Oh, they have been empty in the past. Anytime someone happened not to be sitting in them.

But this time is different.

For you see, they will never be occupied again; at least not by the original two who once filled them up.

I can still see my parents, Henry and Erma, seated in those matching recliners. Reading newspapers, or perhaps a National Geographic, or simply starring out onto their mobile home-side pond.

My dad loved that chair, or better put he loved what that chair afforded him.

Rest and relaxation. Information. For as I have implied, he gleaned his latest knowledge of the world here, as the result of television, or a favorite magazine. Discovery. For so often he would lift those ever-present binoculars, and gaze upon one or the other of “his” birds. And the gators which lolled their lives away upon the sandy beach below.

More than once, many times more than once, I showed up, unannounced, and  invaded his “inner sanctum;” only to discover him in the midst of an ethereal sleep. Which, as with us all, is prophetic of that slumber which must overtake each of us one day.

And always, and without fail, I would exclaim,

“Wake up, Daddy. They’ll be plenty of time for sleeping!”

And he would rouse himself; if only long enough to acknowledge my presence, and e’er too many moments elapsed

…well, you guessed it.

And my mother.

I think she occupied her matching recliner, more often than not, for the sake of a selfish agenda.

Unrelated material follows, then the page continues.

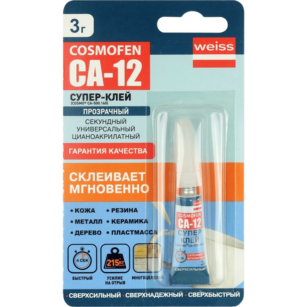 Цианоакрилатный клей COSMOFEN COSMO CA-500.200 - секундный супер-быстрый клей, обладает повышенной прочностью. По результатам испытаний клей Космофен CА-12 признан лучшим "секундным" клеем в области как бытового, так и промышленного применения! Благодаря своим уникальным характеристикам клей Космофен имеет самый широкий спектр областей применения: в быту - прекрасно склеивает все виды пластика, резину, металл, керамику и стекло, незаменим при проведении сантехнических работ, при производстве рекламной продукции, игрушек, в сфере сервисного обслуживания и ремонта автомобилей. Время выдерживания склеиваемых поверхностей составляет считанные секунды.СФЕРА ПРИМЕНЕНИЯ:Для склеивания уплотнительных профилей из EPDM и для приклеивания EPDM к профилям из жесткого ПВХ и алюминиевым профилям в оконном производстве.Для склеивания силиконовых уплотнителей и уплотнителей из TPE.Склеивание различных видов пластмасс, эластомеров, резины.Для склеивания полимерных материалов.Примечание о месте производства: В рамках оптимизации логистики Weiss Chemie + Technik GmbH & Co. KG размещает производство COSMO® на площадках в Германии и КНР. Все предприятия работают по единым стандартам качества и технологиям, что гарантирует соответствие продукции высоким стандартам бренда независимо от места производства. Поставки осуществляются в зависимости от доступности складских запасов.

To simply dwell in the presence of the one to whom she had pledged herself; some six decades hence. For it was here that she experienced and enjoyed the presence of the man who had, long since, relinquished activity in favor of the sedentary. Oh, mama put up a good show of doing one thing or another, as she occupied her matching chair. But I think, I think, it was all about my dad. And the singleness of what took two to complete.

And now. Now the chairs are empty.

My wife has a photograph of her parents. It was taken at the lake home of their son. And in that poignant picture Doc and Ruby may be seen seated on the lakeside porch, facing one another, and engaged in a private conversation; known and meant only for themselves.

I can picture my own parents engaged in a similar exchange. But that one set of chairs have been exchanged for another. What the years stole from them has been restored, and in good measure.

Empty chairs. Not some cheap montage of wood and metal and fabric. But an almost spiritual place.

My father occupied his chair when, after his stroke and my mother’s subsequent inability to care for him, I made him aware it was time to submit himself to a nursing facility.

My mother sat in hers the last time we took her home for lunch, and the final occasion on which she saw her sisters; having been placed in that same facility.

It was in this room, and in these chairs my parents lived the most and best of their waning years. It was here that they did the things people do as they scratched out what joy still remained to them in their declining years. It was here from which they entertained family and friends, complained about the weather, boasted of a new great grandchild, worried for the fate of the nation, laughed about a childhood picture, remembered something from their youth, memorialized a lost comrade; expressed some hope for our futures.

It was from these chairs they spoke and laughed and lived and loved, and gleaned from the gradually shrinking world around them.

Empty Chairs.

Strange, how rich and full and almost complete an empty chair may seem.